SO…… Theresa and her husband Alan walk in with this gorgeous squash dish. A hush came over the room followed by ooohhhs and ahhhhhhs and then “may I please have the recipe”? And after eating the squash, people were even more effusive. It is honestly, truly, delicious. Make it.
Farro With Roasted Squash, Feta and Mint (from NYT (Melissa Clark) - via Theresa Karanik) Preheat oven to 450
Ingredients (For the Squash):
3 Tbsp olive oil
2 tsp sugar
¾ tsp ground cinnamon
¾ tsp fine sea salt, or more
¼ tsp black pepper
1/8 tsp cayenne
3 pounds of winter squash. We used Kabocha (Sunshine red) but you can also use carnival or butternut, seeded and cut into ½ Inch thick slices. Leave the peels on.

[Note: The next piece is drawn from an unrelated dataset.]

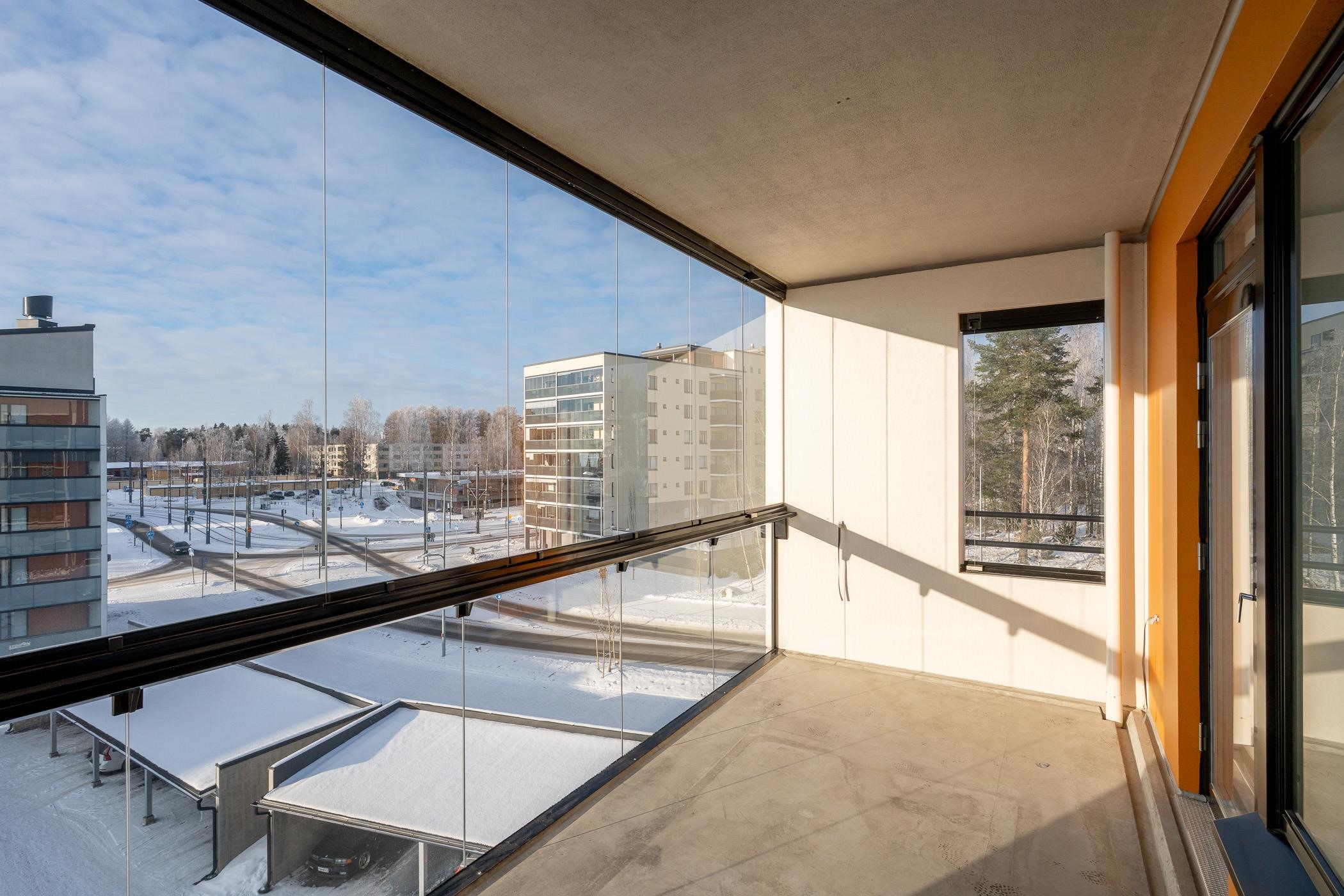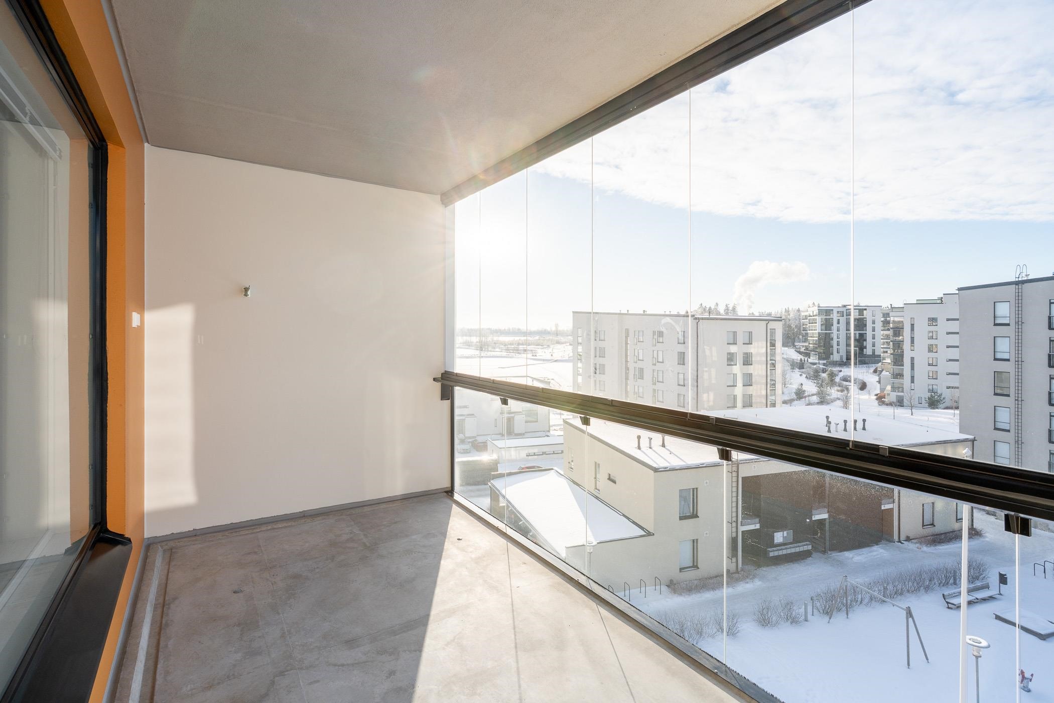 - Parvekkeelta mukavat näkymät kohti Halkoniemen satamaa ja Näsijärveä. Ilmansuunta on länteen, ja ilta-aurinko painotteinen.

Ingredients (For the Farro):
1 ½ cups apple cider
2 ½ tsp kosher salt, more to taste
1 ½ cups faro
2 Tbsp apple cider vinegar, more to taste
2 garlic cloves, grated on a microplane or minced
½ tsp black pepper
7 Tbsp olive oil
3 oz feta cheese, crumbled (leave this out if you’re vegan)
Fresh mint or arugula leaves, or both
Heat oven to 450°. Prepare the squash: In a large bowl, mix together olive oil, sugar, cinnamon, salt, pepper and cayenne. Add squash and toss well to coat with the spiced oil. Lay the squash pieces out flat on one or two rimmed baking sheets.
Roast squash until the bottom is golden – about 10 or 15 minutes.
Carefully turn the pieces over and continue to roast until tender – another 10 to 20 minutes.
While the squash is roasting, make the Farro.
In a medium pot, bring the apple cider, 2 cups water, and the salt to a simmer. Add faro and simmer until water is absorbed and the faro tender – about 20 to 30 minutes. If liquid evaporates before the faro is done, add a little more water. If there’s water left over, drain it.
In a large bowl, whisk together vinegar, garlic and pepper. Whisk in olive oil. Add farro and toss well, adding more oil and/or salt if needed.
To serve – spoon the Farro onto a platter and top with the squash, feta, mint and/or arugula and a dizzle of olive oil.